Just tried it, cross-compiling GLSL to NV assembly (gp5vp profile), and it looks like what you say is the case. mat4x3 takes 4 uniform slots. mat3x4 takes 3. Which makes intuitive sense. GLSL is column major by default, so it’s all about the number of column vectors.
In a test I just did, passing in a mat4x3, postmultiplying it by a vec4 directly, and outputting the vec3 from the shader consumes 8 instructions (w/ 2 R-Regs). However, if I pass in a mat3x4, transpose it, and postmultiply that by the vec4 to output a vec3, I get 19 instructions (3 R-regs). Lots of extra moves. So a penalty of 11 instructions and 1 R-reg to eliminate use of one uniform slot while keeping the v2 = A*v multiplication order.

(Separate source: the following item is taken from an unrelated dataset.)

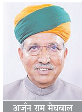
अर्जुन राम मेघवाल

स्वतंत्रता प्राप्ति के 75 वर्ष पूरे होने पर मनाये जा रहे अमृत महोत्सव के युग को चिह्नित करते हुए भारत ने महिलाओं के लिए मताधिकार सुनिश्चित करने से आगे बढ़ते हुए उनके लिए संसद और विधान सभाओं में प्रतिनिधित्व का अधिकार भी सुनिश्चित किया है। पूज्य बाबा साहेब डॉक्टर भीमराव अंबेडकर ने संविधान सभा में 25 नवंबर 1949 को दिये गये अपने ऐतिहासिक भाषण में बोलते हुए विशेष रूप से यह पूछा था कि कब तक हम विरोधाभासों का यह जीवन जीते रहेंगे। इस अवसर पर उन्होंने देश को सामाजिक तथा आर्थिक असमानताओं के प्रति

You can try using row_major. Then ideally it should be all about the number of rows.
// assuming i believe these do the samething…
mat3x4 a;
result = transpose(a) * vec4(somevalue, 1); // better as maintains “order”
result = vec4(somevalue, 1) * a; // similar performance as above?
Yep. The cost of the latter is 8 instructions (w/ 2 R-reg), so that’s definitely one way to go. As I said, here the former consumes considerably more assembly instructions, and so prob isn’t your best bet. But check into this and see.